Accessing these nesting children with indices is clumsy, so instead we can give them names:

import { ParseClear } from "parse-clear";

const parsePackageSpec = ParseClear(({seq, handle, natnum }) =>
    seq(
        package => handle,
        "@",
        version => seq(major => natnum, ".", minor => natnum, ".", patch => natnum);
    )
);

let spec = parsePackageSpec("foobar@1.2.3");
spec.package.str // "foobar"
spec.version.str // "1.2.3"
spec.version.major.str // "1"

This is using a trick where we use Javascript's arrow function notation to give names to each expression. (Under the hood, seq and other ParserCombinator functions actually parse out these source code to these function definitions to get the names.) As you can see, the names are a lot easier to read than indexing into the children arrays.

Finally, the opt function specifies an optional parser combinator. It attempts to parse something with its argument, but if the provided parser combinator fails, opt allows the parse to carry on. We can use it to parse optional notation, like package scopes in NPM package specifications:

import { ParseClear } from "parse-clear";

const parseNPMSpec = ParseClear(({ seq, opt, handle, natnum }) =>
    seq(
        scope => opt(seq("@", handle, "/")),
        package => handle,
        "@",
        semver => seq(
            major => natnum, ".",
            minor => natnum, ".",
            patch => natnum,
            prerelease => opt(seq("-", handle))
        ),
    )
);

let simpleSpec = parseNPMSpec("foo@1.2.3");
let scopedSpec = parseNPMSpec("@foo/bar@1.2.3");
let prereleaseSpec = parseNPMSpec("foo@1.2.4-alpha1");

simpleSpec.version.str // "1.2.3"
simpleSpec.scope // undefined

scopedSpec.version.str // "1.2.3"
scopedSpec.scope.str // "@foo/"

prereleaseSpec.version.str // "1.2.4-alpha1"
prereleaseSpec.version.prerelease.str // "-alpha1"
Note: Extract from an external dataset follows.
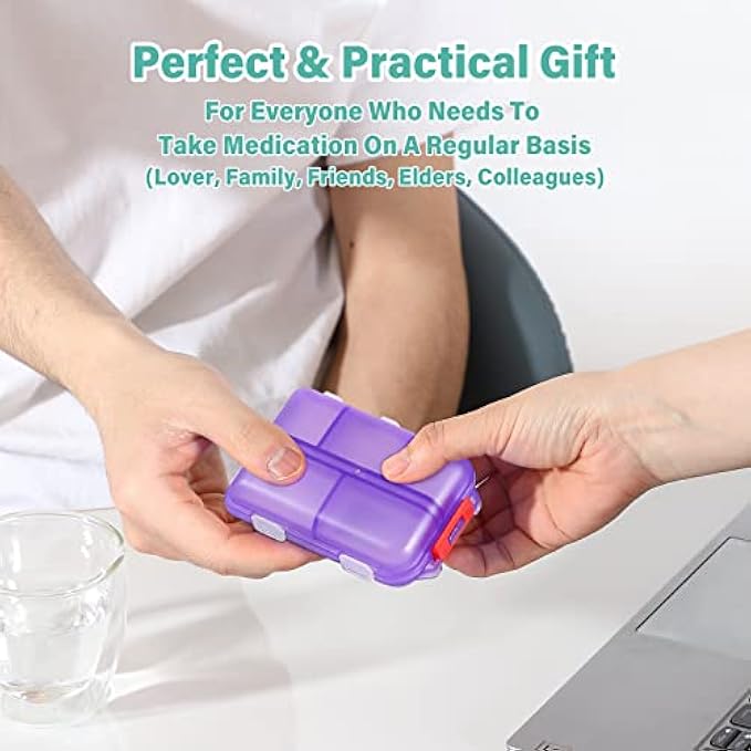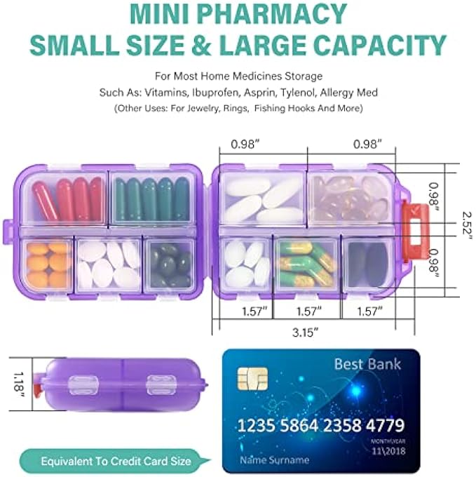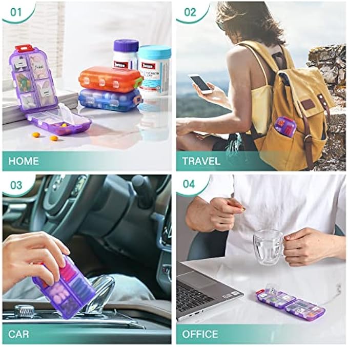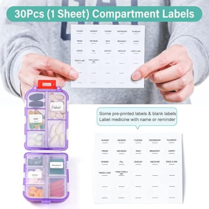 ★Product Includes - 1 pack purple color pill organizer boxes and 30 pcs labels, some are pre-printed and some are blank. The labels match the inner cover's size to help you mark the date, dosage(such as: 2 times a day), medication name, and so on. ★Why You Need Some Pill Organizers? - During your long-distance or family trip, we may need more than a week's worth of pills to meet our daily needs. You can also bring different medicine boxes when you are at home, in the office, or some outdoor activities to avoid confusion. They are also perfect and practical gift for everyone who needs to take medication on a regular basis(your lover, family, friends, elders, colleagues, and so on.) ★Mini Compact but Large Capacity - The mini size makes it very convenient to carry, whether in your wallet, pocket, bag, drawer, car storage box, or other places. Each pill box has 10 compartments, 4 large and 6 small, to accommodate different sizes and quantities of medicines. Be suitable for most common medicines such as Vitamins,Cod Liver Oil,Supplements and Medication (some large medicines may not fit). ★Premium Food-grade Materials - These cute pill boxes are made of high-quality food-grade plastic materials which are durable, odorless, and BPA FREE. The cover is clear, and you can easily distinguish the medicine without opening the cover. The compartments are removable and easy to clean(not dishwasher safe). ★Safe design - The medicine box adopts a double safety buckle design, with an external safety buckle and each compartment inner secure buckle. They are easy to open and close, and the inner lids can be removed as a whole for filling pills or cleaning. The design prevents pills from falling or getting dusted in during daily use.

Note that the parser definition is just a function passed to ParseClear! So we have all our normal JavaScript constructs. For example, instead of nesting the semver definition above, we could pull it out as a variable:

import { ParseClear } from "parse-clear";

const parseSemver = ParseClear(({ seq, natnum, handle }) =>
    seq(
        major => natnum, ".",
        minor => natnum, ".",
        patch => natnum,
        prerelease => opt(seq("-", handle))
    )
);

const parseNPMSpec = ParseClear(({ seq, opt, handle, natnum }) =>
    seq(
        scope => opt(seq("@", handle, "/")),
        package => handle,
        "@",
        semver => parseSemver,
    )
);

Future work

This is really an experiment: what would simple text parsing be like if it were easy? Would I parse more strings? Use different data structures? The only way to find out is to try it. I invite you to join me in experimenting

One feature I'd love to have is reversal, ie:

import { ParseClear } from "parse-clear";

const parseNPMSpec = ParseClear(({ seq, opt, handle, natnum }) =>
    seq(
        scope => opt(seq("@", handle, "/")),
        package => handle,
        "@",
        semver => seq(
            major => natnum, ".",
            minor => natnum, ".",
            patch => natnum,
            prerelease => opt(seq("-", handle))
        ),
    )
);

let simpleSpec = parseNPMSpec("foo@1.2.3");
simpleSpec.version.minor.str = "4";
simpleSpec.version.prerelease.str = "alpha1";
simpleSpec.toString(); // "foo@1.2.4-alpha1"

I just threw this together over a couple of days with a focus on ergonomics rather than performance. I know basically nothing about parser theory, and I'm sure this can be optimized a lot. There's probably corner cases that aren't handled well. That being said, it does all run at execution time rather than compile time, so there are probably theoretical limits to performance.

Remaining TODO items:

  • implement the alt parser combinator.
  • polish error handling
  • is there a nicer way to handle unmatched opt clauses?